Ritalin vs. Adderall: What's the difference?
Ritalin and Adderall are the brand names for two different types of stimulant medication. According to the National Institute of Mental Health (NIMH), stimulants work by increasing the chemicals in a person's brain that regulate thinking and paying attention.
In this article, learn about the differences between the two common stimulants Ritalin and Adderall. We also cover the side effects and safety of each drug.
Ritalin vs. Adderall
The long-term side effects of Ritalin and Adderall are unknown.
Although Ritalin and Adderall are both stimulants, they contain different active ingredients.
Both medications are effective in reducing the symptoms of ADHD. According to the Centers for Disease Control and Prevention (CDC), "Between 70–80 percent of children with ADHD have fewer ADHD symptoms when they take these fast-acting medications."
However, Ritalin and Adderall can also have significant side effects, and the long-term effects of taking the drugs remain unknown.
According to the authors of a 2018 meta-analysis, methylphenidate — the drug in Ritalin — is usually best for children or adolescents with ADHD.
For adults with ADHD, the researchers concluded that amphetamines, such as Adderall, are generally best.
This meta-analysis took into account the effectiveness of each of the drugs for treating a person's ADHD symptoms as well as their safety.
However, the authors noted the urgent need for more research to assess the long-term effects of both drugs.
Who needs them?
A doctor may prescribe Ritalin or Adderall to a person with ADHD as part of a comprehensive treatment plan.
According to the charity Children and Adults with Attention-Deficit/Hyperactivity Disorder (CHADD), a comprehensive treatment plan will include:
- education about ADHD and its causes
- education about diagnosis and treatment options
- behavioral therapy to teach a person how to manage the symptoms of ADHD
- medication, such as Ritalin or Adderall
- general mental health counseling for the individual and their family
- changes to a person's education to account for their ADHD
The American Academy of Pediatrics recommend a combination of behavioral therapy and medication for children aged 6 years and older.
For children under the age of 6 years, they only recommend behavioral therapy as it is as effective as medication. ADHD medication typically has more side effects in young children.

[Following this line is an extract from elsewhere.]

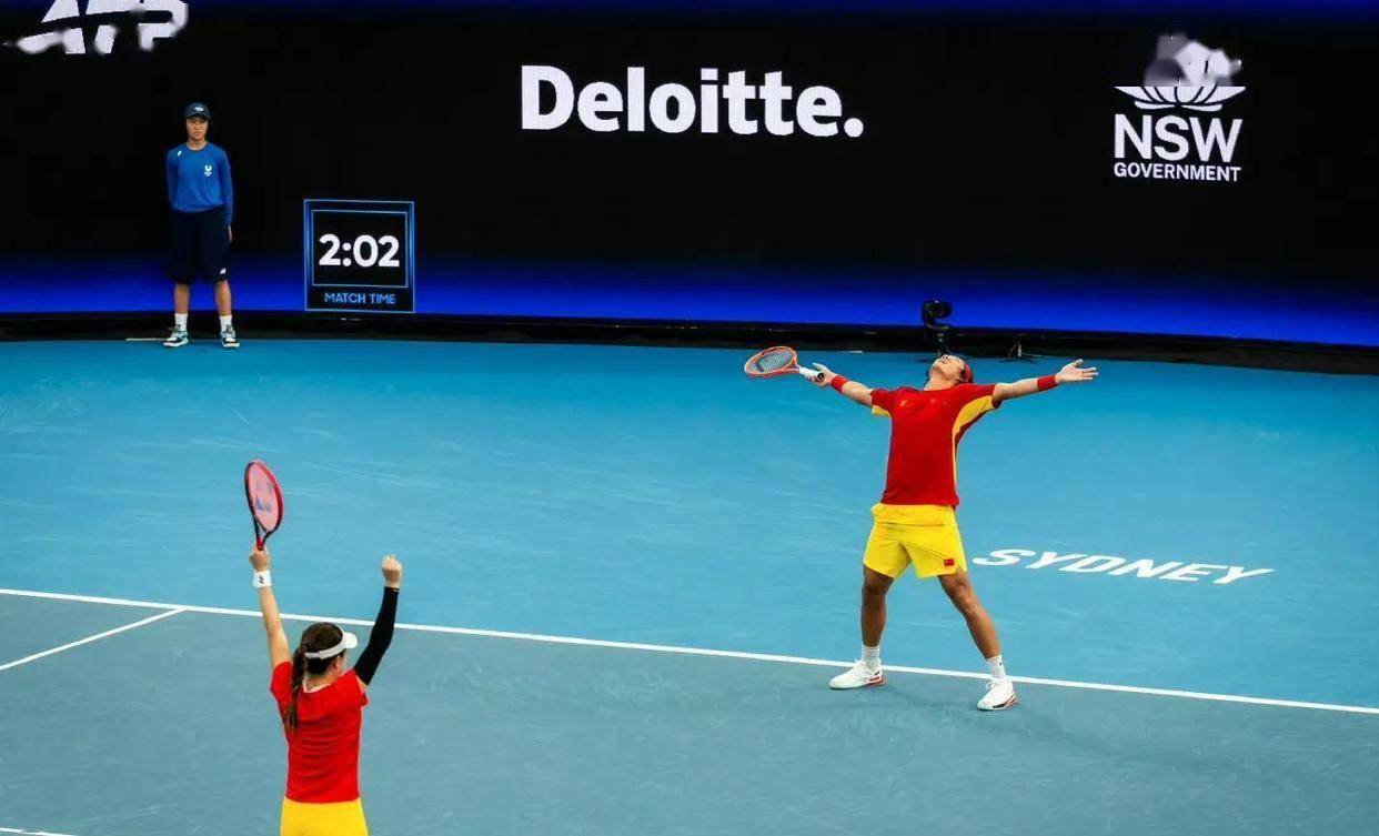 这个长达27拍的多拍相持后,比利时组合的失误率开始上升。 决胜抢十局,张之臻/朱琳在3-2领先时打出了一个教科书般的战术配合——张之臻中路发球后迅速上网,朱琳提前移动覆盖直线空档,迫使梅尔滕斯的小斜线回球出界。 这个得分让中国组合的士气达到沸点。
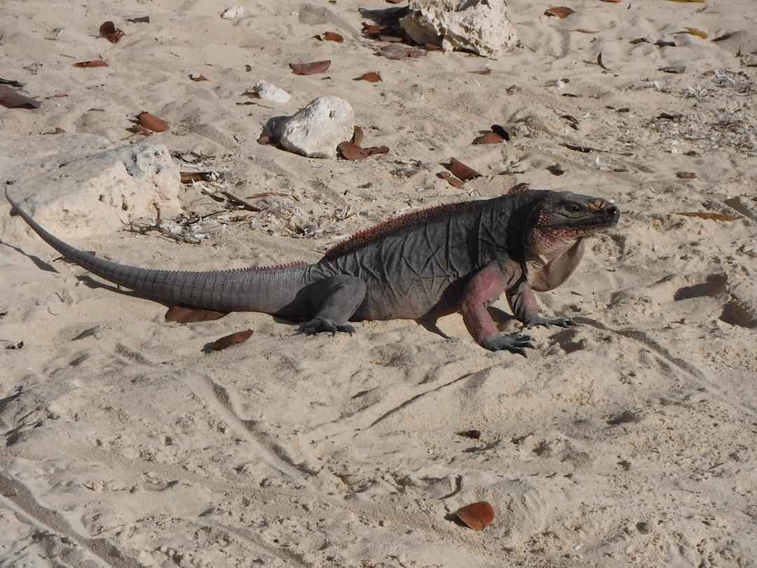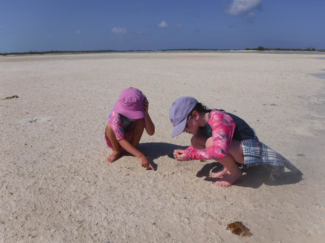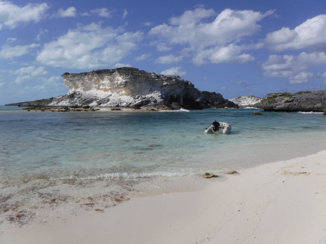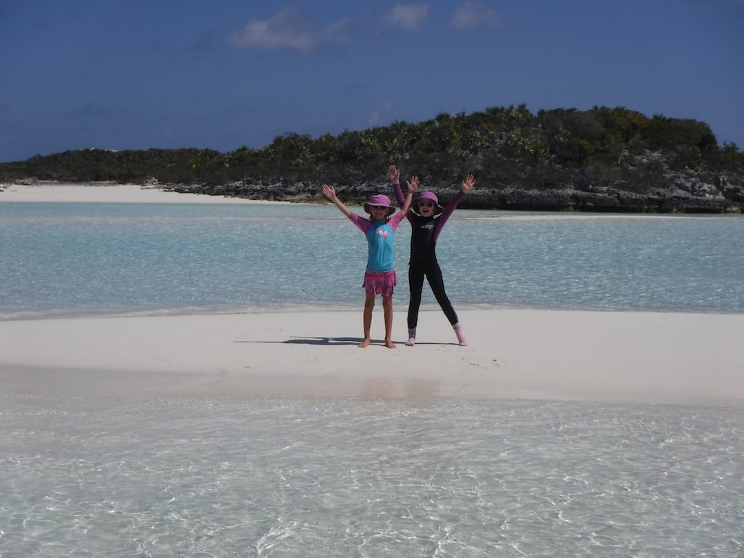 We explored the south side of Staniel Cay by dinghy, an area we’d never been to before. We found isolated beaches and good coral reefs for snorkeling near Staniel – even found another plane inhabited by fish in just a few feet of water. Back near Amel, we made it to shore under human power, with the boys swimming and the girls paddle boarding. We found a new beach also full of iguanas, this time under stunning white cliffs.

Can people use them together?
A doctor would not generally advise a person to take Adderall and Ritalin together.
There is little research on how these medications interact with each other. As the drugs work in a similar way, taking them both could increase the chances of a person developing significant side effects or other complications.
A side effect of both Ritalin and Adderall may be difficulty sleeping.
Although the medical community generally sees Ritalin and Adderall as safe drugs when a person takes them according to a doctor's instructions, they can both have some significant side effects.
The NIMH note that these side effects include:
- decreased appetite
- difficulty sleeping
- tics, which are sudden, repetitive, involuntary movements or sounds
- changes in personality, including anxiety and irritability
If a person experiences any of these side effects, they should speak to their doctor.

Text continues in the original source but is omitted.